・2.アンチモン(Sb)による土壌汚染
アンチモンの人体影響
アンチモンは心臓毒性を持つことが知られている。
また、人に対する慢性毒性として、呼吸器系の刺激症状、アンチモン斑と呼ばれる膿胞性皮疹が認められることがある。
アンチモンエアロゾルに曝露された婦人労働者に後期自然流産・未熟児出生・婦人科的問題の増加がある。

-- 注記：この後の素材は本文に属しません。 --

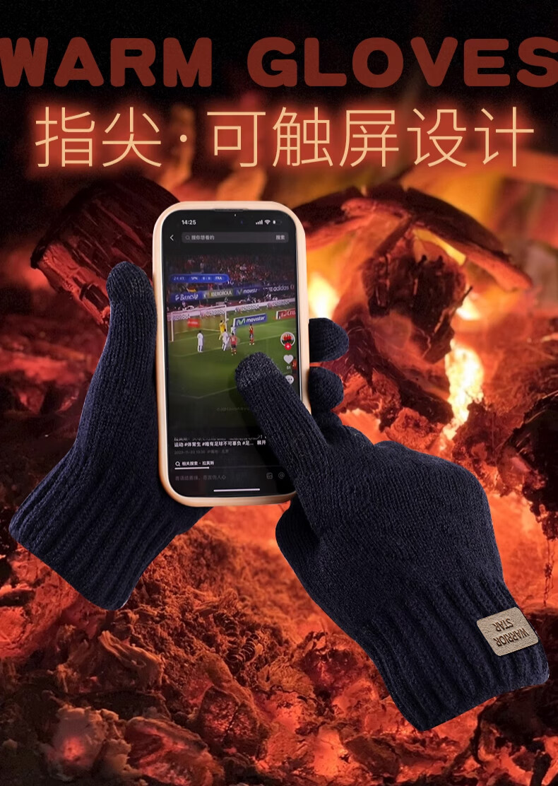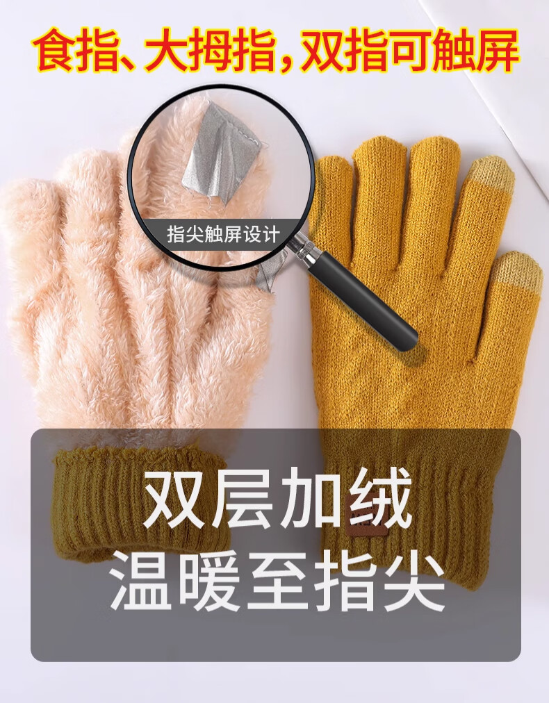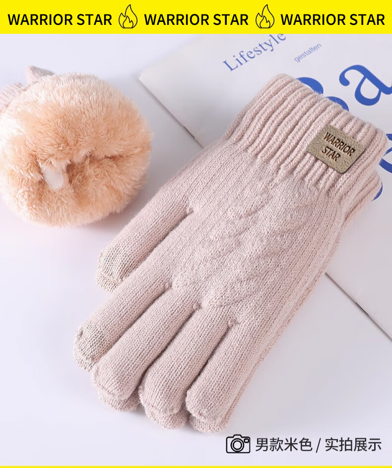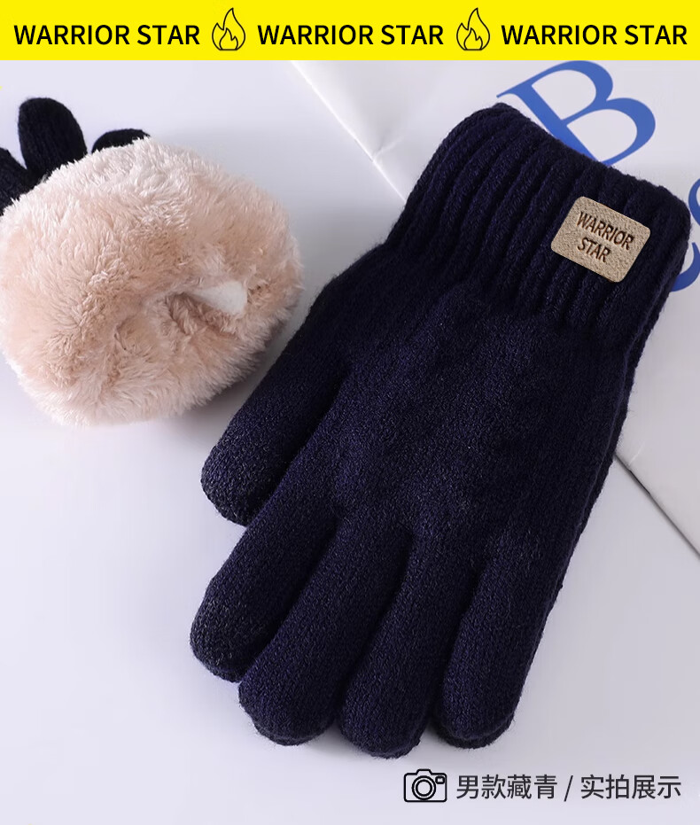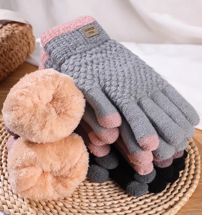 Pull-back woolen gloves for men and women in winter thickened velvet to keep warm and cold-proof touch screen outdoor cycling non-slip and wind-proof knitted gloves

アンチモンは発がん性物質である可能性がある。
アンチモンの非汚染土壌中濃度
日本各地の非汚染土壌表層土のアンチモン濃度の幾何平均値は0.37mg/kgDW(DW:乾重)である。
また、日本各地の土壌(表層土・下層土含む)のアンチモン濃度の中央値は0.65mg/kgDWである。
アンチモンの汚染土壌中濃度
もっぱらアンチモンの製錬をしている日比野金属、三国精錬、中瀬鉱山などの周辺土壌中アンチモン濃度は、幾何平均値で10.8、49.2、19.2mg/kgDW、最大値では136、277、321mg/kgDWであり、非常に高い値であった。

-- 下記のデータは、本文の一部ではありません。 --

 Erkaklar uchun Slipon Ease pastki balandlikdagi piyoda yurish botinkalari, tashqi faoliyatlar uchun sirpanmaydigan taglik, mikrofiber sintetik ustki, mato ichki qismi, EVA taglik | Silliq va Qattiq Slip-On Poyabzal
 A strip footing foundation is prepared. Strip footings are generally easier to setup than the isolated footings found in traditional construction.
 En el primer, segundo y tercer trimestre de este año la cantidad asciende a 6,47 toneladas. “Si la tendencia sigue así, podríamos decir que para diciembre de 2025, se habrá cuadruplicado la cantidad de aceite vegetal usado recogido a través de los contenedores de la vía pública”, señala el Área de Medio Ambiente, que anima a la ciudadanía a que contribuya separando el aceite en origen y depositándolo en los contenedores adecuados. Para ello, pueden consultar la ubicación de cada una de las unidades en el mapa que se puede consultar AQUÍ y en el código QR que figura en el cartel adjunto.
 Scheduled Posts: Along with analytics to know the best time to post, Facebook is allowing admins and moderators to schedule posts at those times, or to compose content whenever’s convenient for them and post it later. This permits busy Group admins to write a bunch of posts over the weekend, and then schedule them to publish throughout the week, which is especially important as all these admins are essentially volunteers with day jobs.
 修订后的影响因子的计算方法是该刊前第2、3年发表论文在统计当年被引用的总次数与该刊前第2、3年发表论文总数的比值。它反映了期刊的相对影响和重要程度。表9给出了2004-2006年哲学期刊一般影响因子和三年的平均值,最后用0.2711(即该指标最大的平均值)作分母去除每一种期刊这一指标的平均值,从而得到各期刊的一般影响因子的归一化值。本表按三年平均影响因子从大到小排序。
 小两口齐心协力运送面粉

工場労働者は勿論、アンチモン汚染地周辺住民の健康状態の調査が必要である。
アンチモンの生産・輸入量と消費・輸出量
生産量は1970年をピークに激減し、輸入量が急増している。
アンチモンの消費量では、鉛蓄電池用、硬鉛鋳物用が若干で、三酸化アンチモンの消費量はほとんどが合成繊維の難燃剤である。
都市ゴミ中アンチモン濃度
1996年1~3月の大阪市内の都市ゴミ焼却場からの試料による分析から、アンチモン濃度は30~50mg/kgであり、これが都市ゴミ中アンチモンの平均値であると仮定すると、アンチモンの国内生産量の約20%が都市ゴミとして排出されることになる。

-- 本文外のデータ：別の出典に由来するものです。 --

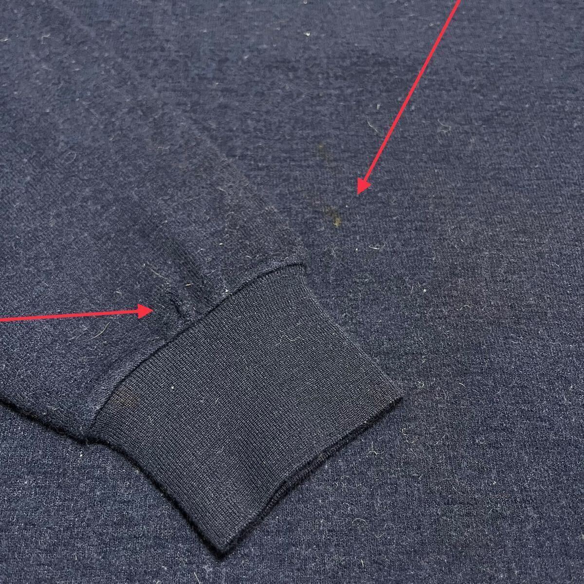 背中に汚れあります。穴は空いてませんがニットが少し薄くなっている箇所が点在しています。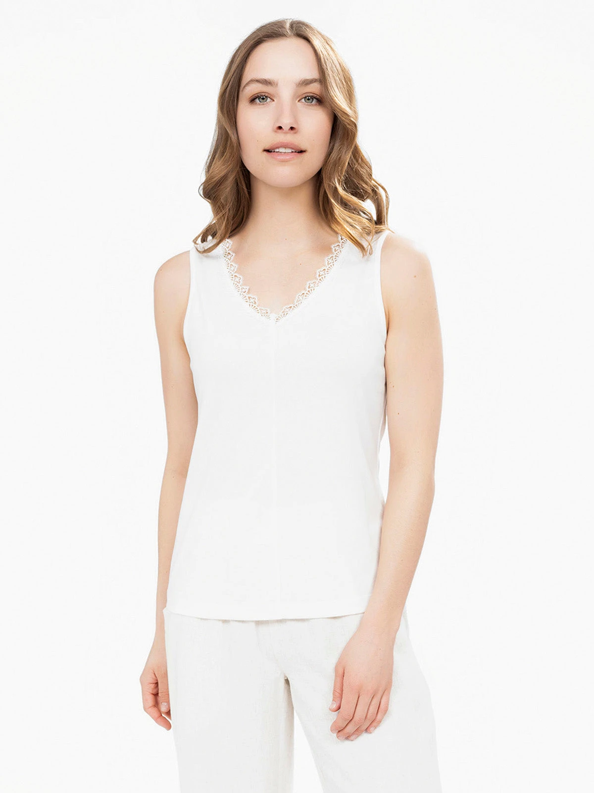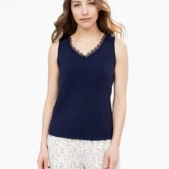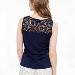Camisole en jersey extensible à encolure en V ornée de dentelle et empiÚcement en crochet floral au dos. Coupe ajustée sans manches avec couture verticale devant.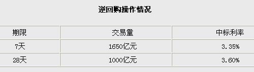 央行網(wǎng)站9日發(fā)出公告指出,中國人民銀行于本周二(10月9日)以利率招標方式開展了逆回購操作。逆回購總規(guī)模達到2650億元。其中,7天期逆回購1650億元,中標利率為3.35%;28天期逆回購1000億元,中標利率3.60%。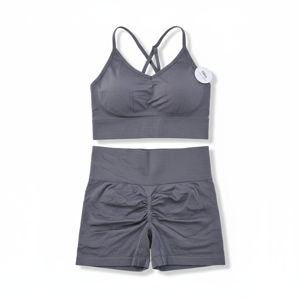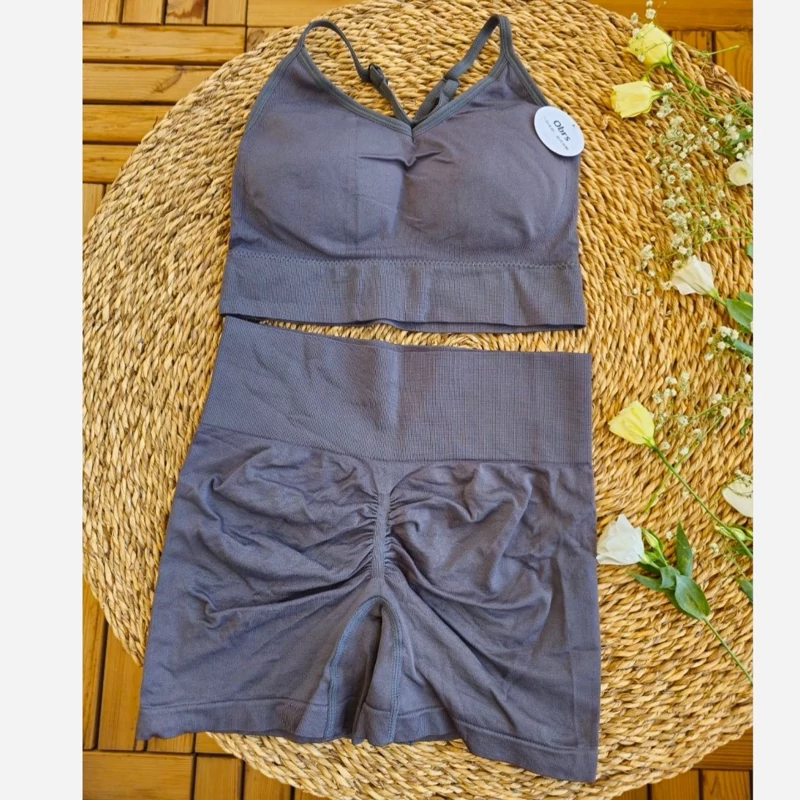 ست نیمتنه و شورتک ورزشی زنانه سیملس فری سایز طوسی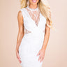 Crochet and lace are a match made in heaven in this sassy & sophisticated LWD! This luxe lace beauty has a high crochet-accented neckline and a fitted crochet silhouette with sheer lace accents throughout.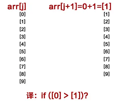 arr[j] > arr[j+1]含义是:j为下标[0],arr[j+1]==0+1=arr[1]下标[0]大于下标[1]吗?- 看这张图:

都市ゴミ焼却場から排出されるアンチモンによる環境汚染も気になるところである。
道路脇粉じん中アンチモン濃度
道路脇粉じんにもアンチモンは含まれている。
日立市を除いては、大都市ほど道路脇粉じん中アンチモン濃度は高いようである。
道路脇粉じんは風により巻き上がり、吸気中に入る可能性がある。